Algunas cosas de la Navidad no han cambiado, pensaba mientras subía la escalera del gran salón de los Caballeros de San Juan para asistir a la fiesta anual del suplemento literario del Times. A medio camino me asaltó una rugiente ola de sonido, la chachara de cientos de literatos, el tono auténtico y desinhibido de las clases parlanchínas protestando por reputaciones rotas. Asistí a mi primera fiesta literaria londinense hace exactamente cuarenta años. Desde luego, hubo un par de cambios en la vestimenta. Esa elegante mujer con vaqueros -una poeta, tal vez- se ha recortado las mangas de la chaqueta para revelar, en la parte superior del brazo, un tatuaje floral. ¿Será de los lavables? ¿Me atreveré a preguntarle? Escudriñando la muchedumbre, veo que en todo lo demás el baile continúa al son de la música familiar del tiempo. ¿Aquel no es Hugh Moreland, bebiendo? ¿X. Trapnell, mostrando los dientes? ¿Lady Molly, hablando con Widmerpool?

Las tarjetas navideñas tampoco han cambiado esencialmente a lo largo de mi vida, salvo para aquellos integrantes de la clase media que celebramos la temporada enviándonos especímenes de Gran Arte. Recuerdo que en los años 30 me había intrigado la aparición de Gaspar, Melchor y Baltasar usando las perneras largas y abotonadas que entonces eran de rigor para las niñas, pero que también parecían ser el último grito de la moda entre los Reyes Magos en la Ravena del siglo seis. Y hete aquí que esos reyes con perneras reaparecen como de costumbre esta Navidad, presentando sus regalos, estirando sus piernas elegantes, aunque advierto que hoy en día Melchor y Gaspar están vestidos con lo que sólo puedo llamar tirantes bordados y enjoyados, usados, como debe hacer John Major, fuera de los pantalones.

Curiosamente, estos no incluyen el negro reglamentario, políticamente correcto, de los antiguos maestros.

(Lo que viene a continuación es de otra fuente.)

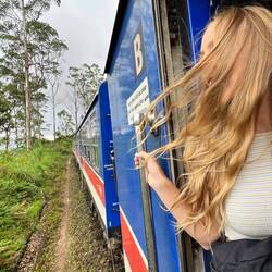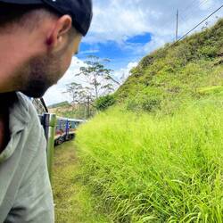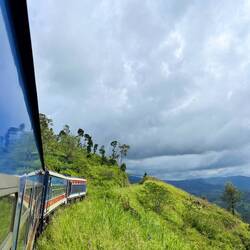 Der Zug traf pünktlich ein und so begann unsere 7-stündige Reise nach Ella. Da alle Tickets für die 2. & 3. Klasse ausgebucht waren, „mussten“ wir in der 1. Klasse die klimatisiert war sitzen. Wir hatten keine beieinanderliegenden Sitze reserviert aber das war kein Problem. Die anwesenden Passagiere schauten für uns und schnell sassen wir nebeneinander. Das besondere an dieser berühmten Zugfahrt ist, dass die Türen während der ganzen Fahrt offen bleiben. So stellten wir uns schon nach kurzer Zeit an die Tür und genossen die atemberaubenden Aussichten. Die Vegetation verändert sich gefühlt nach jeder Kurve und wir sahen tosende Flüsse, hohe Wasserfälle, riesige Teeplantagen und dichter Dschungel. Die Menschen winkten uns aus Ihren Fenstern und Kinder rannten voller Freude mit dem Zug mit.

Para ellos representaba la oportunidad de arrojar una deliciosa salpicadura de ébano en medio de la composición. El joven príncipe negro de la Adoración de los Magos de Hans Memling, uno de mis favoritos, está gloriosamente ataviado con seda ultramarina con mangas largas en escarlata y oro, y tiene una bella gorra de terciopelo azul que se quita en elegante saludo ante el Niño Jesús. La visita de los Magos es sólo un episodio más entre las muchas cosas que acontecen en lo que parecen ser los suburbios de una ciudad próspera. En un campo de juego rodeado por hayas, caballeros con armadura completa se preparan para un torneo y pronto se reunirán con sus competidores, que atraviesan engalanados las puertas de la ciudad. Entretanto una delegación de dirigentes de la OLP, algunos montando camellos de pantomima, emprende una expedición al desierto.

El pesebre es tan deliciosamente misterioso para mí hoy como cuando lo vi por primera vez en 1935. Situado en medio de unas rocas Eurodisney, parece construido a propósito como una ruina, como un candidato al premio Turner que no contó con la aprobación de Nicholas Serota. También podría ser la casa que Laurel y Hardy debían completar en The Finishing Touch. La verdad es que parece hecha por ellos dos. El tejado tiene cuatro agujeros y un alero incompleto. Una estufa centroeuropea presenta un tubo de chimenea, aunque Laurel se ha olvidado de poner la chimenea. Las puertas no conducen a ninguna parte, las columnas no sostienen nada y la arquitectura oscila entre el románico tardío y el Denys Lasdun temprano. Aun así, es el ámbito ideal para el ejercicio de la desbordante imaginación de Memling, pues su diseño abierto le permite incluir no sólo a la Sagrada Familia, buey, asno, reyes, siervos, escuderos y demás a plena vista, sino compradores y vendedores en lo que parece ser una feria ecuestre internacional que se desarrolla en primer plano. Los vendedores son jóvenes altos y apuestos, adecuados para una manifestación por el sida en Mayfair, con magníficas botas de gamuza altas hasta la rodilla, trenzas amarillas y suéteres de cachemire de color molusco, verde musgo y rojo pimiento.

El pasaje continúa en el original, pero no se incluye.